Bonum Certa Men Certa

Michael Tiemann's Rebuttal to Torvalds' Response to Taxoperability

Who 'gets' it?

There is a bunch of reports out there about Linus Torvalds cautiously welcoming Microsoft's Taxoperability Program, but there is the possibility that he misses a broader picture. To repeat a response to Asay from yesterday, consider the following comment from Michael Tiemann, President of the Open Source Initiative (OSI).

In my opinion, anything that Microsoft does that falls short of the published open source minimums is...sub-minimal. Torvalds is happy because his standards are lower--he cares more about himself than his community. But other people have higher standards--we also care about the community at least as much as we care for ourselves.


The words here are a little strong and Tiemann, who is most notably behind "Open Source", seems to be embracing a Richard Stallman-like (GNU/FSF) stance, caring to ensure that software remains free and secure from software patents.
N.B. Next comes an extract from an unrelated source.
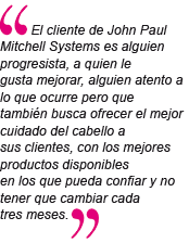 J.P.D.: El cliente de John Paul Mitchell Systems® es alguien progresista, a quien le gusta mejorar, alguien atento a lo que ocurre, pero que también busca cómo cuidar su cabello con los mejores productos disponibles en los que pueda confiar y no tener que cambiar cada tres meses. Los productos de Paul Mitchell® los usas el primer día y cinco meses después, diez años después perduran en el tiempo y funcionan exactamente igual, y con muchos otros productos no ocurre lo mismo.

Torvalds' view was somewhat surprising because he does in fact worry about software patents. Might he be missing the conditions secretly embedded in the Taxoperability Program (put more bluntly here) which pertain to patents. Moreover, is the OSI beginning to realise what Microsoft intends to do to open source? Watch this new pick from Groklaw:

Patent Pledge for Open Source Developers



07:52PM February 02/26/08, 2008

[PJ: Microsoft has come up with its own proprietary definition, if I may call it that, of Open Source projects. Here it is, found on the new Patent Pledge for Open Source Developers page of its website:

"To benefit from this promise, You must be a natural or legal person participating in the creation of software code for an open source project. An "open source project" is a software development project the resulting source code of which is freely distributed, modified, or copied pursuant to an open source license and is not commercially distributed by its participants. If You engage in the commercial distribution or importation of software derived from an open source project or if You make or use such software outside the scope of creating such software code, You do not benefit from this promise for such distribution or for these other activities."

Blech.] - Microsoft


Gatchev.info adds some personal analysis, calling it a "Divide and Conquer" Promise. [via LinuxToday]

here is a lot of discussion around the new Microsoft premise to offer freely documentation about its protocols and interfaces, and to not sue developers who use it to create code for non-commercial goals, even if they violate Microsoft patents. Some people think that this is done to avoid further pressure from the European Commission. It could be so - but there could be also a different rationale for it.

[...]

I would. Fair is fair… If only it wasn’t for one small detail: this way, they destroy the FOSS essence. Every FOSS license gives you the right to use and distribute the software in any way you like, commercial or not. If you are limited to non-commercial distribution only, this is not freedom anymore. And this is going to damage the positions of FOSS not only among the freedom pundits, but also (and maybe even more) among the ordinary users. That is - to marginalize FOSS.


It is possible that Linus Torvalds has not learned the full extent of Microsoft's latest announcement. His response to this might be damaging to perception. Neither Red Hat nor the EU cared for Microsoft's promise, so why should the Linux kernel?